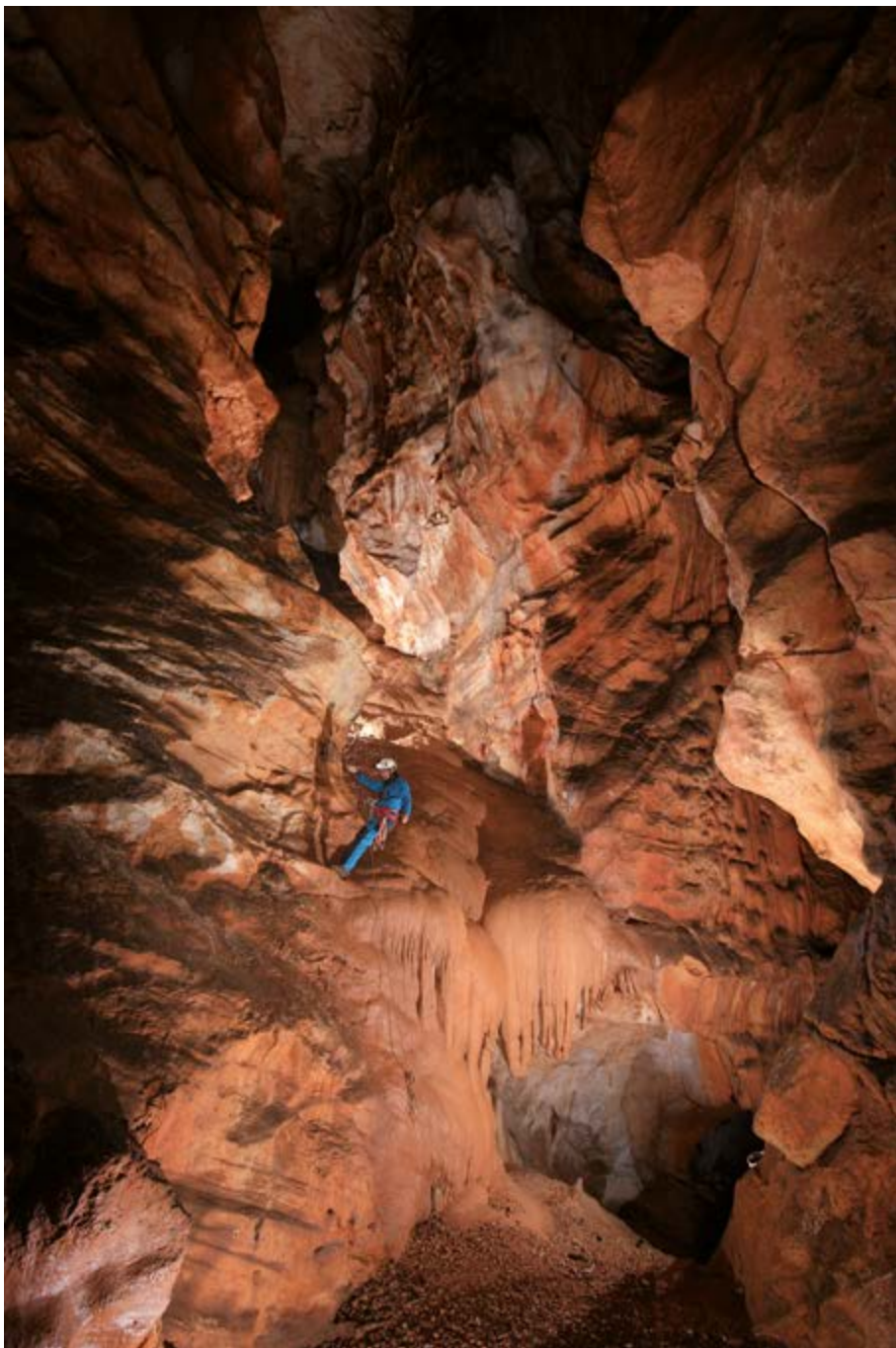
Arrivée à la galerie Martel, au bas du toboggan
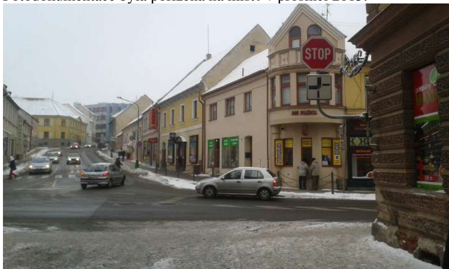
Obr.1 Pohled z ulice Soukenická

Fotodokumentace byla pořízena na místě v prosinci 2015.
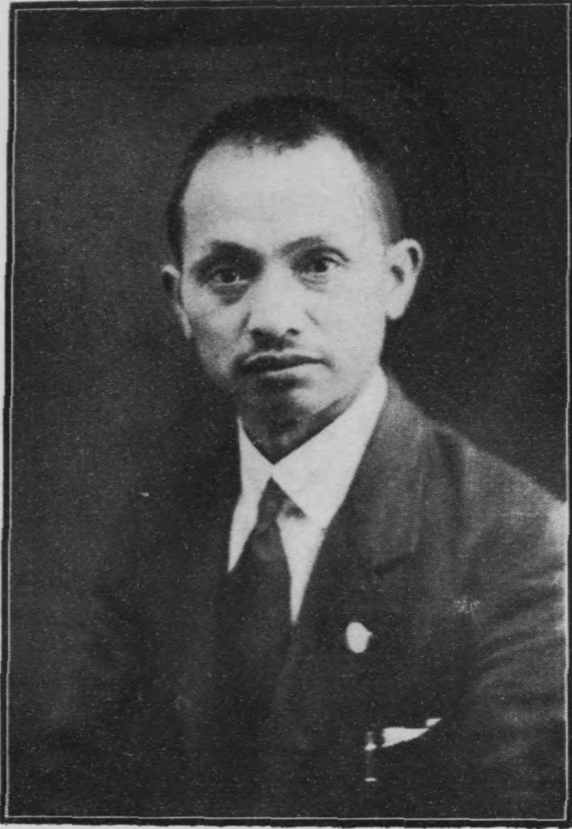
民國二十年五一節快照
———
ABOUT THIS TASK — Copy exactly, and copy only, the lines from the one bearing "Fotodokumentace byla pořízena" through the closing line of the material, with both ends kept and pictures removed.

TASK OUTPUT —
Fotodokumentace byla pořízena na místě v prosinci 2015.
民國二十年五一節快照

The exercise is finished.